WHAT THE TASK ASKS: What you return must match the listing exactly, with every image removed.

DATA EXTRACT:
[Start of Attachment]

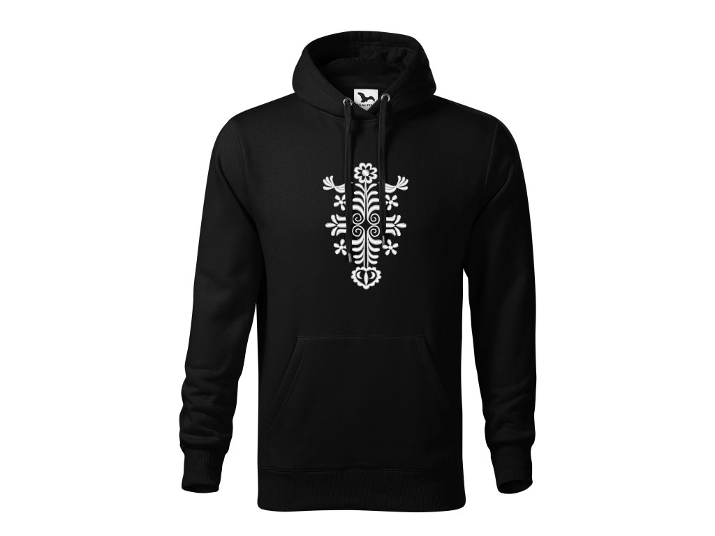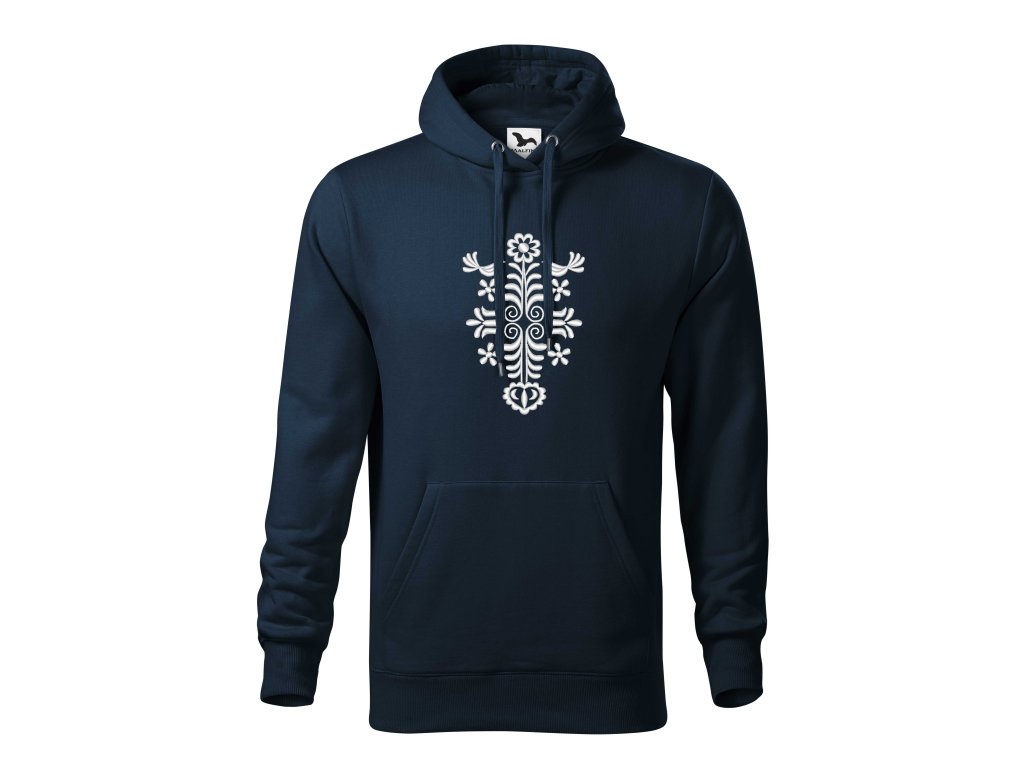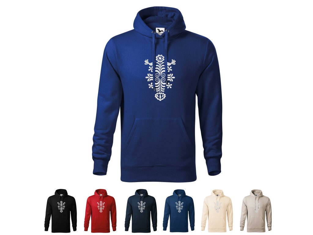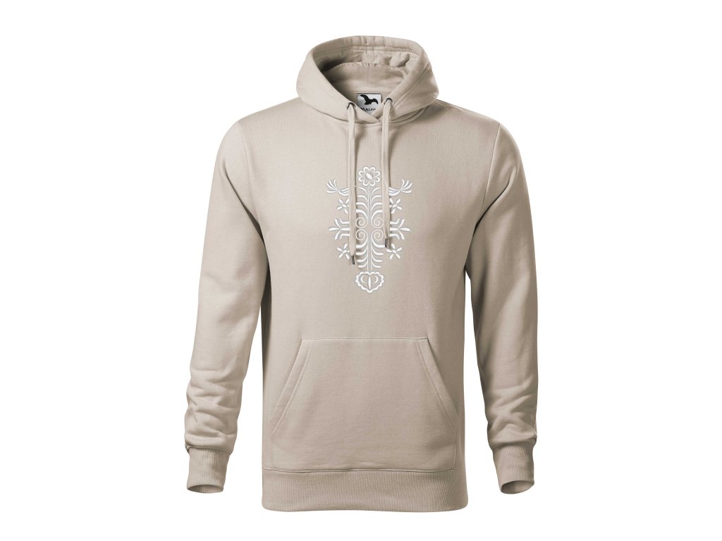 Folklórna mikina pánska s výšivkou vzor ADAM biely s kapucňou
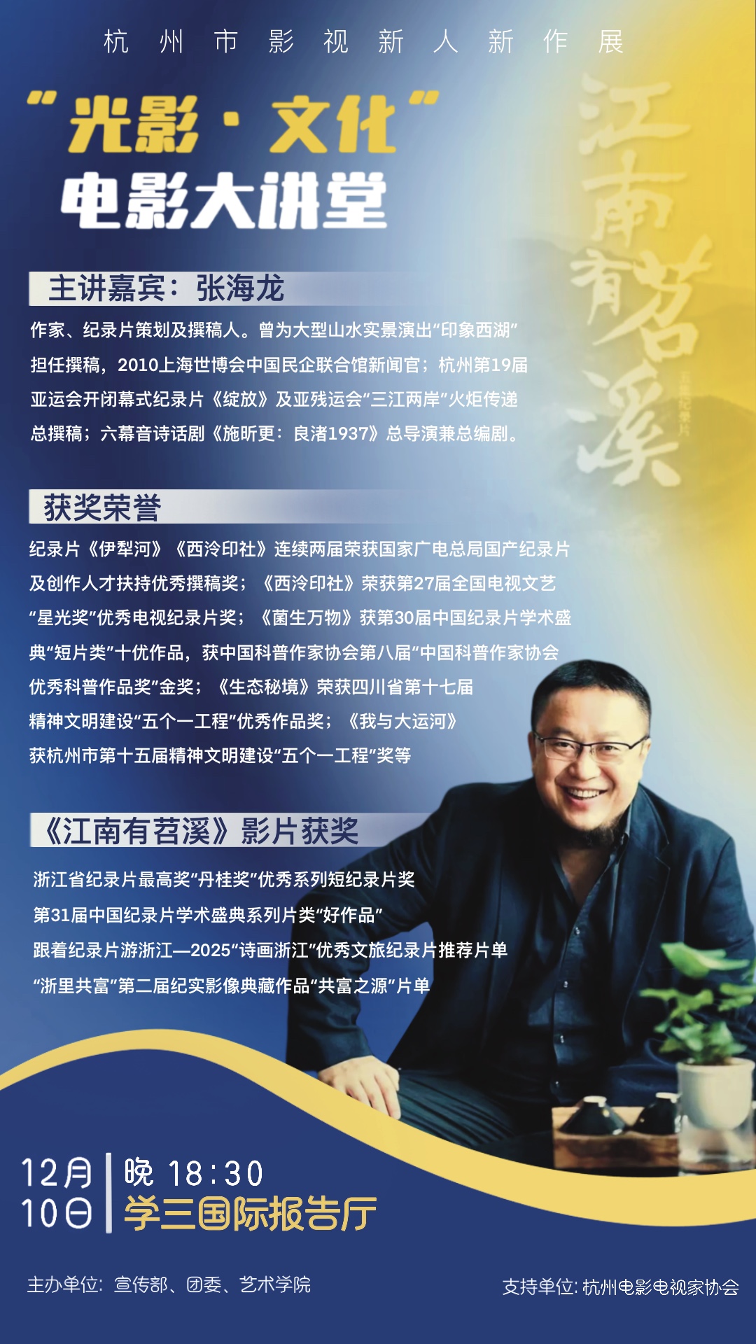 为了深入贯彻学校“无体艺 不农林”的战略要求,丰富学生校园文化生活,促进艺术交流与学习,BEAT365英国官网党委宣传部、校团委、艺术设计学院联合举办“光影·文化”电影大讲堂活动。本次电影大讲堂是“杭州市电影新人新作展”特别展映活动之一,旨在发现、扶持、团结、引领青年优秀影像创作者,激活杭州影视创作活力,推动杭州影视内容高质量发展。活动特邀著名作家、纪录片策划及撰稿人张海龙先生担任主讲嘉宾,分享其艺术创作经验与心得,与师生探讨影像艺术魅力。
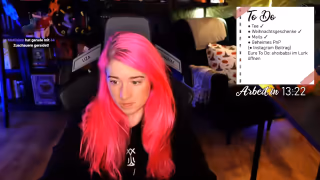 01:22:52Die Streamerin teilt ihre Herausforderungen bei der Beschaffung von Weihnachtsgeschenken und lädt die Community ein, gemeinsam Ideen zu sammeln und online zu shoppen. Sie betont, wie wichtig es ist, sich Zeit für solche Aufgaben zu nehmen, auch wenn es nur 25 Minuten sind. Neben den Weihnachtsgeschenken arbeitet sie an einem 'geheimen Pen & Paper'-Projekt, das sie als vielversprechend und spannend ankündigt. Sie erwähnt, dass ihre signierten Bücher im Cronk Shop erhältlich sind und ein gutes Weihnachtsgeschenk darstellen könnten. Die Coworking-Session wird fortgesetzt, wobei die Streamerin die Zuschauer ermutigt, ihre eigenen To-Dos zu erledigen, sei es das Aufräumen des Schreibtisches, das Vereinbaren eines Zahnarzttermins oder das Trinken von Wasser. Nach der ersten Pomodoro-Runde reflektiert sie über ihre eigene Produktivität und die der Community, wobei sie ihre Leistung mit einer 8 von 10 bewertet.
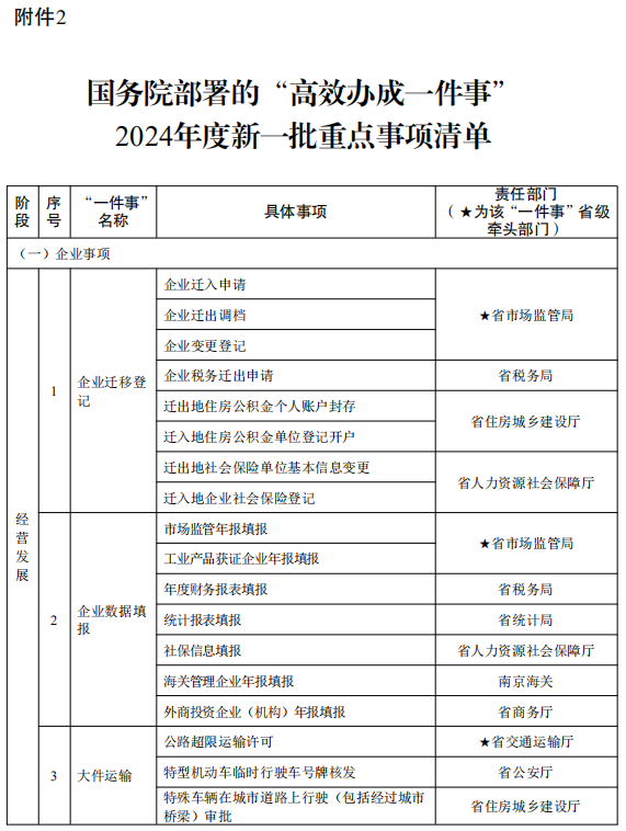 2.国务院部署的“高效办成一件事”2024年度新一批重点事项清单

[End of Attachment]

THE COMPLETED TASK:
 Folklórna mikina pánska s výšivkou vzor ADAM biely s kapucňou
 为了深入贯彻学校“无体艺 不农林”的战略要求,丰富学生校园文化生活,促进艺术交流与学习,BEAT365英国官网党委宣传部、校团委、艺术设计学院联合举办“光影·文化”电影大讲堂活动。本次电影大讲堂是“杭州市电影新人新作展”特别展映活动之一,旨在发现、扶持、团结、引领青年优秀影像创作者,激活杭州影视创作活力,推动杭州影视内容高质量发展。活动特邀著名作家、纪录片策划及撰稿人张海龙先生担任主讲嘉宾,分享其艺术创作经验与心得,与师生探讨影像艺术魅力。
 01:22:52Die Streamerin teilt ihre Herausforderungen bei der Beschaffung von Weihnachtsgeschenken und lädt die Community ein, gemeinsam Ideen zu sammeln und online zu shoppen. Sie betont, wie wichtig es ist, sich Zeit für solche Aufgaben zu nehmen, auch wenn es nur 25 Minuten sind. Neben den Weihnachtsgeschenken arbeitet sie an einem 'geheimen Pen & Paper'-Projekt, das sie als vielversprechend und spannend ankündigt. Sie erwähnt, dass ihre signierten Bücher im Cronk Shop erhältlich sind und ein gutes Weihnachtsgeschenk darstellen könnten. Die Coworking-Session wird fortgesetzt, wobei die Streamerin die Zuschauer ermutigt, ihre eigenen To-Dos zu erledigen, sei es das Aufräumen des Schreibtisches, das Vereinbaren eines Zahnarzttermins oder das Trinken von Wasser. Nach der ersten Pomodoro-Runde reflektiert sie über ihre eigene Produktivität und die der Community, wobei sie ihre Leistung mit einer 8 von 10 bewertet.
 2.国务院部署的“高效办成一件事”2024年度新一批重点事项清单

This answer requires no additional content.